I am trying to add a couple of million rows to a table in exasol one column is supposed have increasing integer values (1 - xmio). I can't get my python script to run in parallel and distribute the load to different nodes in the cluster. Because of that the process takes days to complete, which is not sufficient.

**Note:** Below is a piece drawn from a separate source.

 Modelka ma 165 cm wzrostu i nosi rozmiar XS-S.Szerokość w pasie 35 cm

Since CSV-Import is parallel in exasol I created a CSV with 250mio rows locally, zipped it and uploaded it into the table, this was the fastest approach yet, taking 7 minutes (bottlenecked by my upload speed).
Other Approaches:
CREATE SCRIPT BIG1 (bound) AS
i = 0
while i < bound do
query([[insert into USER_XXXXX.BIG values (:n, null, null, null, null, null)]], {n=i})
i = i+1
end
/
EXECUTE SCRIPT BIG1(250000000);
Very naive approach because inserts are slow, takes years to complete
CREATE PYTHON SCALAR SCRIPT USER_XXXXX.BIG2 ("AMOUNT_TO_CREATE" DECIMAL(18,0))

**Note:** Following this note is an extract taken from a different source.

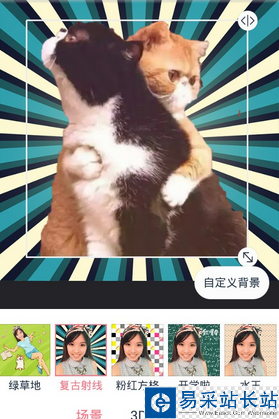 5.點(diǎn)擊右下角的紅色箭頭,進(jìn)入下一步,而這就是我們更換天天P圖摳圖背景的重要部分!在圖片的右下角位置有【自定義背景】的選項(xiàng)。

EMITS (val DECIMAL(18,0), val BOOLEAN, val BOOLEAN, val BOOLEAN, val BOOLEAN, val BOOLEAN) AS
def generate_sql_for_import_spec(import_spec):
return "SELECT USER_XXXXX.BIG2("+import_spec.parameters["AMOUNT_TO_CREATE"]+")"
def run(ctx):
for i in range(1, ctx.AMOUNT_TO_CREATE + 1):
ctx.emit(i, None, None, None, None, None)
/
IMPORT INTO USER_XXXXX.BIG FROM SCRIPT USER_XXXXX.BIG2 WITH AMOUNT_TO_CREATE='250000000';
Works better and runs fully on the server. Takes about 33 Minutes to execute
I understand, that the script can't run in parallel as is. It would be easy to partition it in 50Mio Chunks and run it on 5 nodes. Unfortunately I have no Idea how to connect to other nodes or assign script execution to specific nodes in the cluster.